This study reports the assembly, annotation and structural analysis of A. compactum cp genome for the first time. And to reveal the structure of this cp genome, we compare the organization (IR expansion/contraction and divergent regions) of complete cp genomes between A. compactum and other Zingiberaceae species. We also provide the result of phylogenetic analyses on basis of 67 protein-coding gene sequences from A. compactum and 14 monocot cp genomes.

Methods

DNA extraction and sequencing

Fresh A. compactum leaves were acquired from cultivated bases in Guangdong Province, China. The total cp DNA was extracted from roughly 100 g of leaves through an improved method by Li et al. [10]. The quality of cp DNA was checked by Nanodrop-2000 spectrometer (Nanodrop Technologies, Wilmington, DE, USA), and agarose gel electrophoresis. Pure cp DNA was used for shotgun library construction with 454 GS FLX Titanium platform. The obtained SFF file was preprocessed by trimming short (L < 50 bp) and low-quality (Q < 20) reads. Trimmed reads were assembled using Newbler V2.6 (GS FLX De Novo Assembler Software). In order to verify the assembly, the four junctional regions were further confirmed by Sanger sequencing.

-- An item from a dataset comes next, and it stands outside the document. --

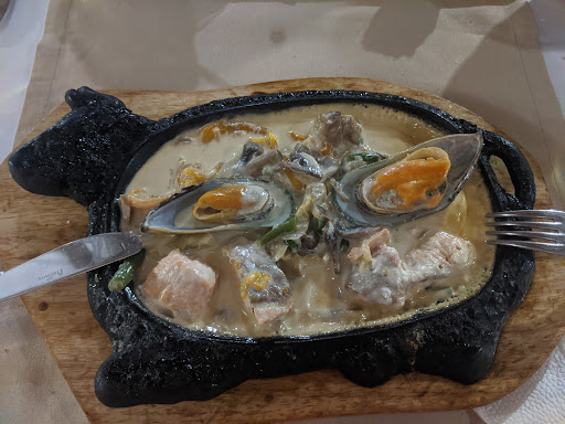 В этом месте мы пытались поесть дважды, так как его сильно рекомендовали наши друзья. В первый раз приехали с ними, но не остались, потому что в ресторане чрезвычайно громко гремел банкет. Гремел при этом - Ваенгой, Кругом и прочим блотняком, который у нас почем-то именуется шансоном и который почему-то так любят на гулянках в регионах, а так же таксисты независимо от локации. Что музыка тише не станет нам заявили категорично и мы уехали.

Genome assembly and annotation

Preliminary gene annotation of this cp genome was performed by CpGAVAS, a program available online (http://www.herbalgenomics.org/0506/cpgavas) [11]. The position of each gene was then manually corrected by Apollo [12] after alignment to the reference genomes by MEGA 5.0. In addition, according to start and stop codons, minor revisions were performed. The tRNAs were further confirmed by the online tool tRNAscan-SE with default settings (http://lowelab.ucsc.edu/tRNAscan-SE/). [13]. Then, the circular map of this cp genome was accomplished by OrganellarGenomeDRAW program (http://ogdraw.mpimp-golm.mpg.de/) [14]. Finally, the complete cp genome of A. compactum was submitted to NCBI GenBank database (Accession Number: MG000589).

Sequence analyses

Relative synonymous codon usage (RSCU) values, which were used to research the features of variations in synonymous and nonsynonymous codon usage by disregarding the composition impact of amino acid, were determined using MEGA 6.0 [15]. Additionally, GC content and codon usage were determined by MEGA 6.0. SSRs (simple sequence repeats) loci were detected by MISA software (http://pgrc.ipk-gatersleben.de/misa/), with following thresholds: ten, six, five, five, five, and five repeat units for mono-nucleotide, di-nucleotide, tri-nucleotide, tetra-nucleotide, penta-nucleotide, and hexa-nucleotide SSRs, respectively. To analyze the repeat structure, REPuter [16] (http://bibiserv.techfak.uni-bielefeld.de/reputer/) was performed to detect forward (direct) and palindromic (inverted) repeats in the cp genome. The minimum repeat unit was set to 30 bp in length, the identity of repeats was set to > 90%, and the Hamming distance equals three. All identified results were verified and redundant repeats were manually removed.

Genome comparison

Pairwise alignments of several cp genome sequences were conducted by MUMmer [17], and the dot plots were drawn using a Perl script. The complete cp genomes of A. compactum and three other Zingiberaceae species (Additional file 1), Curcuma flaviflora (KR967361), Curcuma roscoeana (KF601574), and Zingiber spectabile (JX088661), were used for comparative analysis by mVISTA program (http://genome.lbl.gov/vista/index.shtml) [18] in Shuffle-LAGAN mode. A. compactum was set as the reference.

Phylogenomic analysis

To examine the phylogenetic position of A. compactum, 14 complete chloroplast genomes were downloaded from NCBI. The 67 shared protein-coding gene sequences were extracted using a Python script and aligned separately by ClustalW2. Phylogenetical trees were reconstructed based on 67 concatenated protein-coding gene sequences by MP and ML methods. The best-fitting model was filtrated by jModelTest 2.1.7 through the Akaike information criterion (AIC) [19]. The MP tree was reconstructed by PAUP ver. 4.0b10 [20] with a heuristic search, while ML analysis was calculated by RAxML-HPC 2.7.6.3 on XSEDE in the CIPRES Science Gateway (http://www.phylo.org/) with default parameters. Based on APGIII, Fritillaria cirrhosa was set as an outgroup. Both MP and ML analyses used 1000 bootstrap replicates.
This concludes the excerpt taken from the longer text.